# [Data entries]
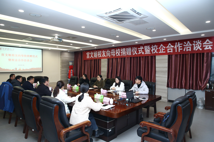 12月5日,宮文姬校友向母校捐贈儀式暨校企合作洽談會在3號樓402會議室舉行。江蘇海文農業發展有限公司董事長宮文姬校友一行,校黨委常委、副校長商亮,校有關職能部門和學院的相關負責同志參加活動。
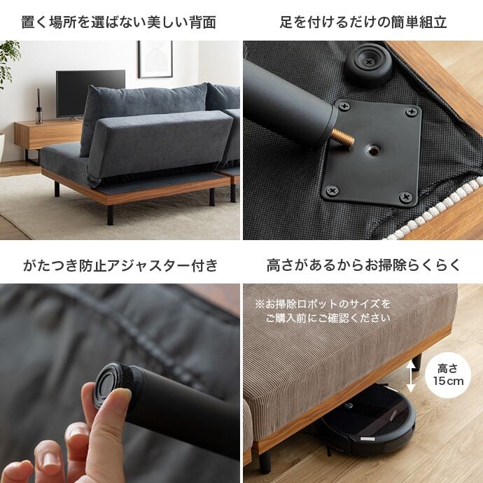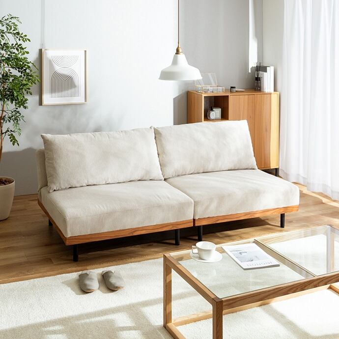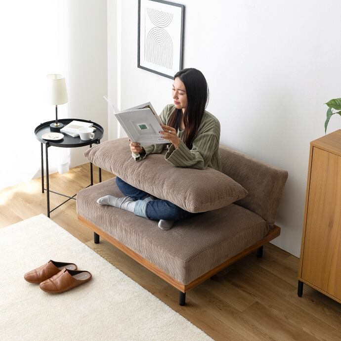 コーデュロイ×木目柄×アイアンの異素材MIXが味わい深い『Ridley(リドリー)』リクライニングソファ。コーデュロイの優しい肌触りと心地よい弾力のクッション、楽な姿勢に調整できる3段階リクライニングで、快適なくつろぎタイムを叶えます。脚も取り外せるロー設計なので圧迫感が少なく、ワンルームなどのスペースに余裕のないお部屋にもピッタリ。また、2脚揃えるとソファベッドになり、友人や家族が泊まりに来た時用の簡易ベッドや、足をのばしてくつろぐカウチソファとしても大活躍します。
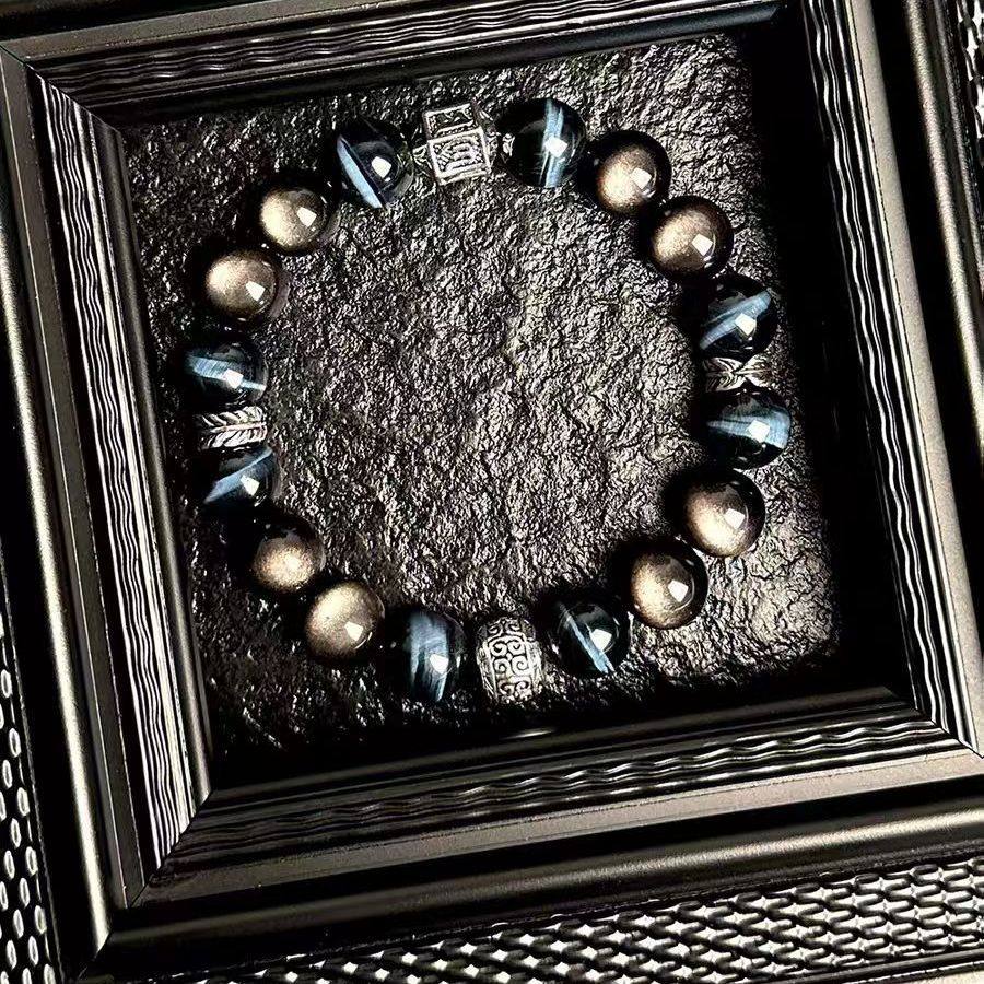 情侣款银曜石蓝虎眼手链,融合神秘银曜石的辟邪护体与蓝虎眼的招财助运之效,寓意爱情坚固、事业顺遂。深邃曜黑中泛着幽蓝光晕,彰显低调奢华气质,男女皆宜。天然矿石能量稳定,长期佩戴可增强自信、提升专注力,助力感情升温与财运亨通。精工打磨,质感细腻,搭配可调节链条,舒适贴合手腕。无论是日常搭配还是作为纪念日、情人节礼物,皆显心意与品味。作为文玩手饰优选,兼具收藏与佩戴价值,是情侣间传递祝福、守护彼此的珍贵纪念品,值得拥有。
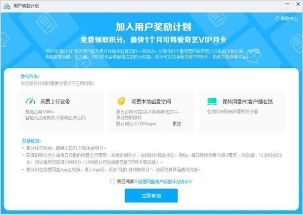 据网友反馈,今天登录百度网盘后,发现百度网盘推出了一个用户奖励计划,“用户奖励计划”是百度网盘为提升传输体验推出的一项活动。分享你的少量闲置网络带宽以及电脑存储空间,为网盘传输速度贡献一份力量,同时你也会得到相应的积分奖励,积分可以兑换爱艺奇VIP月卡,极速下载券等奖品。
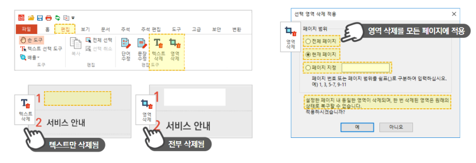 영역을 설정해 원하는 부분만 삭제가 가능합니다.
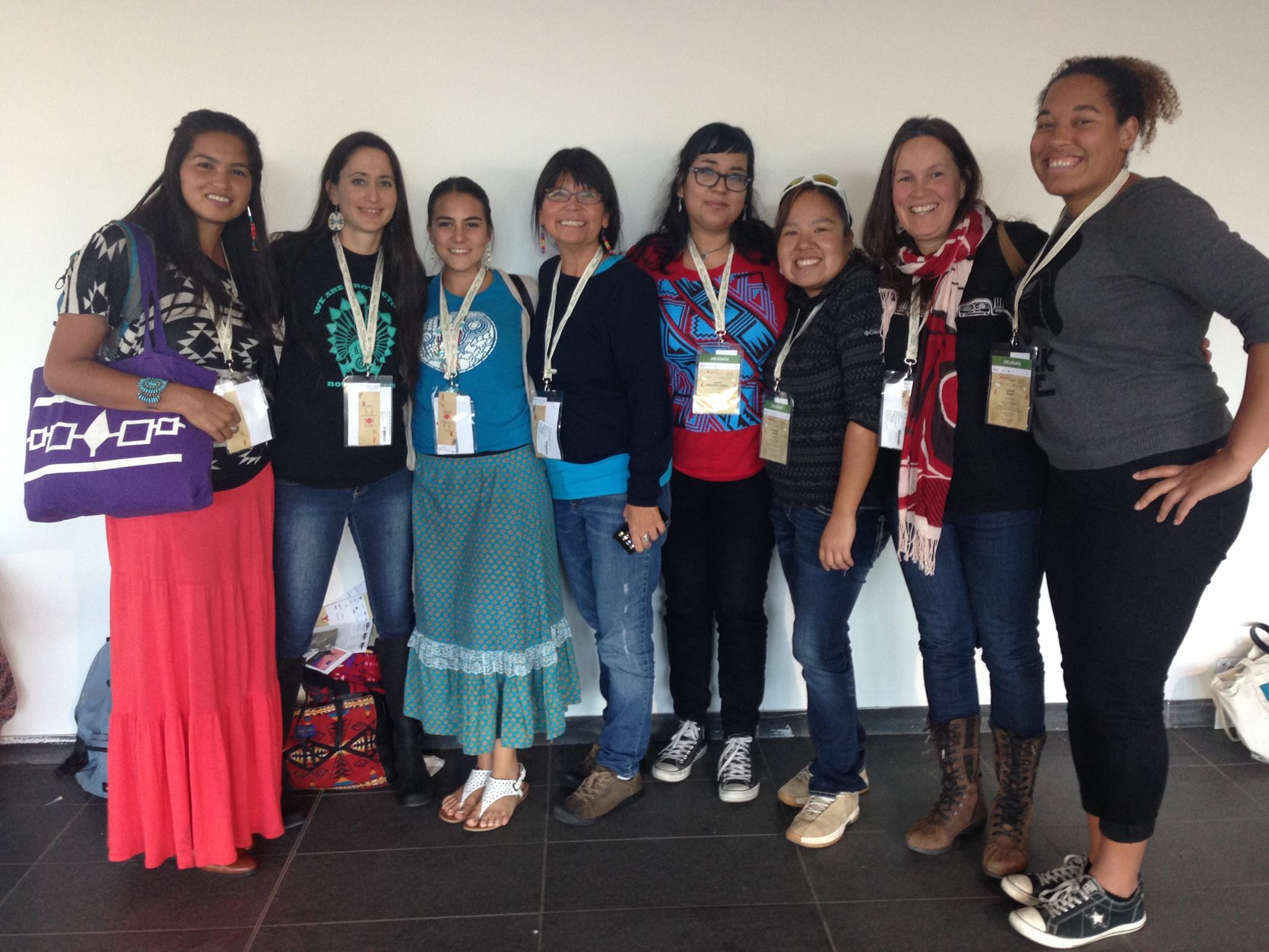Kaylena Bray, Elizabeth Hoover, Nicole Yanes, Pauline Terbasket, Jamie Holding Eagle, Collette Louie, Lori Snyder, Lauren Mapp. All at Terra Madre to discuss indigenous food issues
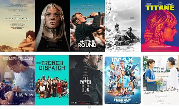 這些電影分別是《上帝之手》、《聖慾》、《醉好的時光》、《茲山魚譜》、《鈦》、《美國女孩》、《法蘭西特派週報》、《犬山記》、《犬山記》、《脫稿玩家》以及《偶然與想像》。
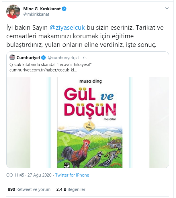 Türkiye’de yaşanan bütün sorunları Müslümanların üzerine yıkarak Kemalizm propagandası ve AK Parti karşıtlığı yapmaya alışan Mine Kırıkkanat, Musa Dinç tarafından yazılan ve kamuoyunda büyük infiale neden olan, “Gül ve Düşün” isimli kitap nedeniyle de Müslümanları hedef aldı. Kitapta tecavüzü meşrulaştıran ifadelere kendince tepki gösteren Kırıkkanat, “İyi bakın Sayın Ziya Selçuk, bu sizin eseriniz.” diye yazdı. Müslümanları hedef gösteren Kırıkkanat, “Tarikat ve cemaatleri makamınızı korumak için eğitime bulaştırdınız, yuları onların eline verdiniz, işte sonuç.” ifadelerini kullandı.
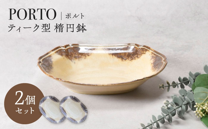 渋みのあるアンティーク調の器 【美濃焼】ポルト ティーク型 楕円鉢 2点セット【カネ定製陶】 [MEI241]
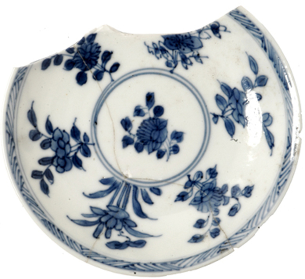| 5c decoratie | florale motieven onderglazuur blauw |
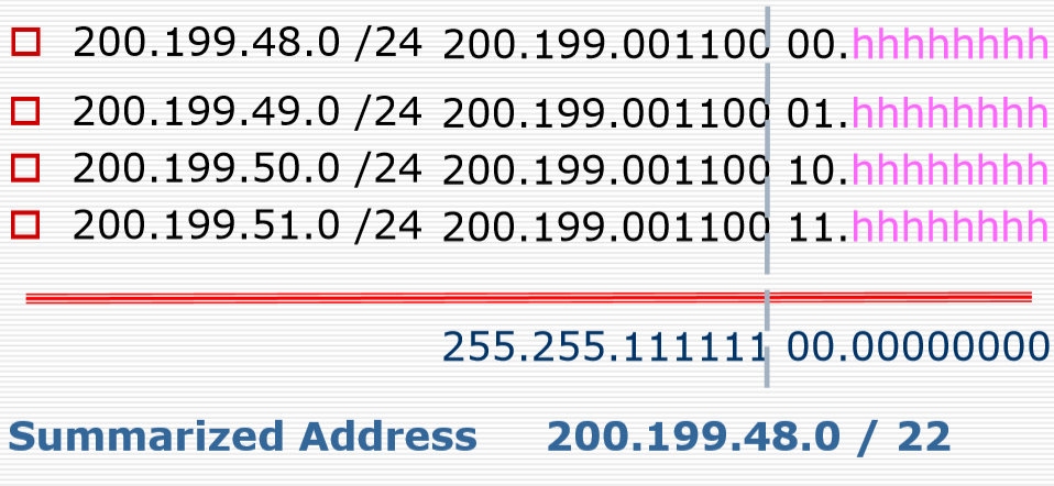 - 为了使聚合正常工作,请以分层方式(hierarchical fashion)仔细分配地址,以便汇总的地址将共享相同的高位。

# [PROBLEM DESCRIPTION]
All of the data gets printed again exactly; the pictures do not.

# [WRITTEN REPLY]
 12月5日,宮文姬校友向母校捐贈儀式暨校企合作洽談會在3號樓402會議室舉行。江蘇海文農業發展有限公司董事長宮文姬校友一行,校黨委常委、副校長商亮,校有關職能部門和學院的相關負責同志參加活動。
 コーデュロイ×木目柄×アイアンの異素材MIXが味わい深い『Ridley(リドリー)』リクライニングソファ。コーデュロイの優しい肌触りと心地よい弾力のクッション、楽な姿勢に調整できる3段階リクライニングで、快適なくつろぎタイムを叶えます。脚も取り外せるロー設計なので圧迫感が少なく、ワンルームなどのスペースに余裕のないお部屋にもピッタリ。また、2脚揃えるとソファベッドになり、友人や家族が泊まりに来た時用の簡易ベッドや、足をのばしてくつろぐカウチソファとしても大活躍します。
 情侣款银曜石蓝虎眼手链,融合神秘银曜石的辟邪护体与蓝虎眼的招财助运之效,寓意爱情坚固、事业顺遂。深邃曜黑中泛着幽蓝光晕,彰显低调奢华气质,男女皆宜。天然矿石能量稳定,长期佩戴可增强自信、提升专注力,助力感情升温与财运亨通。精工打磨,质感细腻,搭配可调节链条,舒适贴合手腕。无论是日常搭配还是作为纪念日、情人节礼物,皆显心意与品味。作为文玩手饰优选,兼具收藏与佩戴价值,是情侣间传递祝福、守护彼此的珍贵纪念品,值得拥有。
 据网友反馈,今天登录百度网盘后,发现百度网盘推出了一个用户奖励计划,“用户奖励计划”是百度网盘为提升传输体验推出的一项活动。分享你的少量闲置网络带宽以及电脑存储空间,为网盘传输速度贡献一份力量,同时你也会得到相应的积分奖励,积分可以兑换爱艺奇VIP月卡,极速下载券等奖品。
 영역을 설정해 원하는 부분만 삭제가 가능합니다.
Kaylena Bray, Elizabeth Hoover, Nicole Yanes, Pauline Terbasket, Jamie Holding Eagle, Collette Louie, Lori Snyder, Lauren Mapp. All at Terra Madre to discuss indigenous food issues
 這些電影分別是《上帝之手》、《聖慾》、《醉好的時光》、《茲山魚譜》、《鈦》、《美國女孩》、《法蘭西特派週報》、《犬山記》、《犬山記》、《脫稿玩家》以及《偶然與想像》。
 Türkiye’de yaşanan bütün sorunları Müslümanların üzerine yıkarak Kemalizm propagandası ve AK Parti karşıtlığı yapmaya alışan Mine Kırıkkanat, Musa Dinç tarafından yazılan ve kamuoyunda büyük infiale neden olan, “Gül ve Düşün” isimli kitap nedeniyle de Müslümanları hedef aldı. Kitapta tecavüzü meşrulaştıran ifadelere kendince tepki gösteren Kırıkkanat, “İyi bakın Sayın Ziya Selçuk, bu sizin eseriniz.” diye yazdı. Müslümanları hedef gösteren Kırıkkanat, “Tarikat ve cemaatleri makamınızı korumak için eğitime bulaştırdınız, yuları onların eline verdiniz, işte sonuç.” ifadelerini kullandı.
 渋みのあるアンティーク調の器 【美濃焼】ポルト ティーク型 楕円鉢 2点セット【カネ定製陶】 [MEI241]
| 5c decoratie | florale motieven onderglazuur blauw |
 - 为了使聚合正常工作,请以分层方式(hierarchical fashion)仔细分配地址,以便汇总的地址将共享相同的高位。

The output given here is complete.